# Recorded information:
- - - - - - -

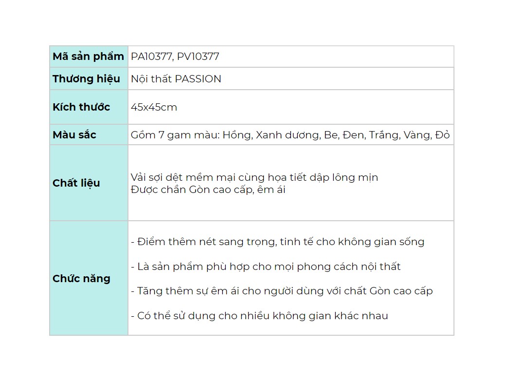 • Kích thước sản phẩm: 45x45cm
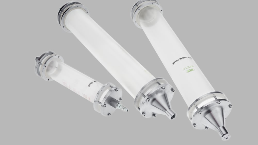 GlasPure are empty glass columns that can be filled by the user and therefore allow maximum flexibility in terms of scale and separation requirements. They are designed for sample amounts over 300 g and pressure up to 50 bar (725 psi).
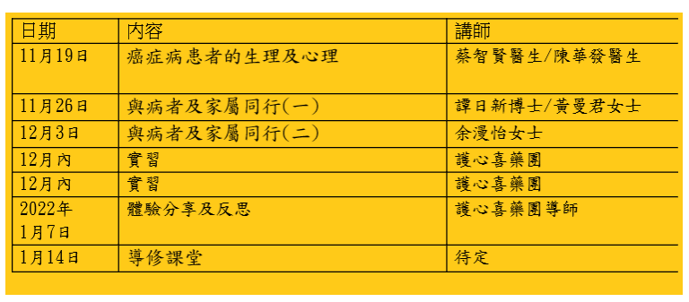 癌症患者承受來自生理、心理以至靈性等各方面的壓力。親友對癌症病者的關心是最珍貴的鼓勵和支持。本課程注重實踐方面,主要讓你親身體驗與患者接觸,幫助你了解癌症病人面對各樣衝擊和壓力,讓你學會應對方法,如何運用同理心,透過role play學習技巧,幫助你預備心靈成為同行者。
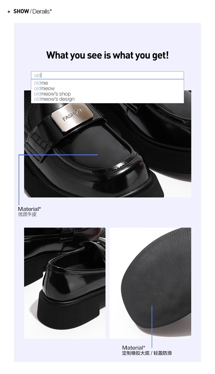 올드 야옹의 가게 가죽 두꺼운 바닥 로퍼 여성용 2023 새로운 가을 모든 경기 영국 스타일 블랙 작은 가죽 신발 싱글 신발스토어 가기
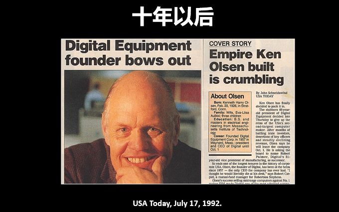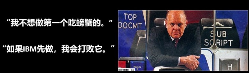 DEC是当时的小型主机领导者,品类的趋势和机会并不会在一夜之间诞生,而是一个缓慢的过程,在这个过程中大家都习惯了等待,而没有人愿意去尝试。
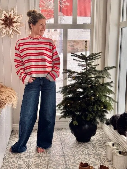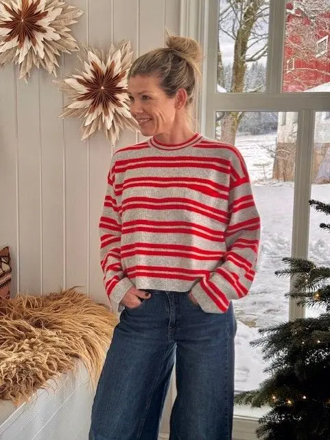 Langermet genser med rund hals – grå med røde striper. Komfortabel og allsidig genser i mykt materiale. Grå base med røde striper gir et stilrent og moderne uttrykk. Perfekt til både hverdagsbruk og avslappede anledninger.
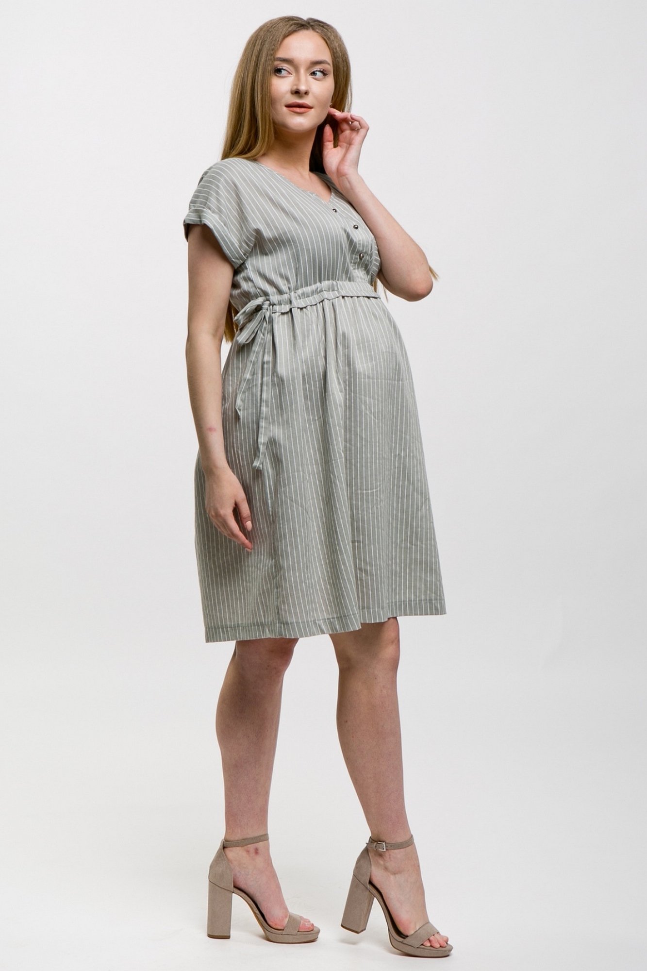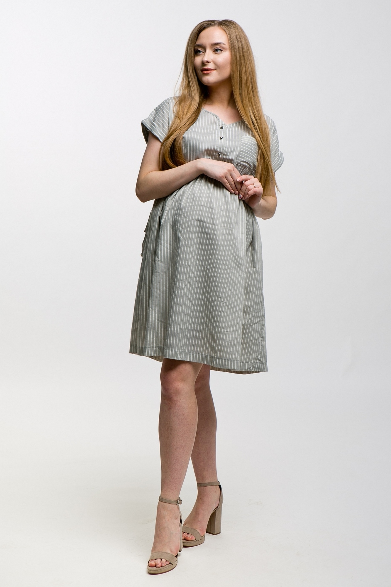 Платье для беременных 10370 хаки в полоску

- - - - - - -

Transcribe every line of the listing above exactly; skip the pictures.

 • Kích thước sản phẩm: 45x45cm
 GlasPure are empty glass columns that can be filled by the user and therefore allow maximum flexibility in terms of scale and separation requirements. They are designed for sample amounts over 300 g and pressure up to 50 bar (725 psi).
 癌症患者承受來自生理、心理以至靈性等各方面的壓力。親友對癌症病者的關心是最珍貴的鼓勵和支持。本課程注重實踐方面,主要讓你親身體驗與患者接觸,幫助你了解癌症病人面對各樣衝擊和壓力,讓你學會應對方法,如何運用同理心,透過role play學習技巧,幫助你預備心靈成為同行者。
 올드 야옹의 가게 가죽 두꺼운 바닥 로퍼 여성용 2023 새로운 가을 모든 경기 영국 스타일 블랙 작은 가죽 신발 싱글 신발스토어 가기
 DEC是当时的小型主机领导者,品类的趋势和机会并不会在一夜之间诞生,而是一个缓慢的过程,在这个过程中大家都习惯了等待,而没有人愿意去尝试。
 Langermet genser med rund hals – grå med røde striper. Komfortabel og allsidig genser i mykt materiale. Grå base med røde striper gir et stilrent og moderne uttrykk. Perfekt til både hverdagsbruk og avslappede anledninger.
 Платье для беременных 10370 хаки в полоску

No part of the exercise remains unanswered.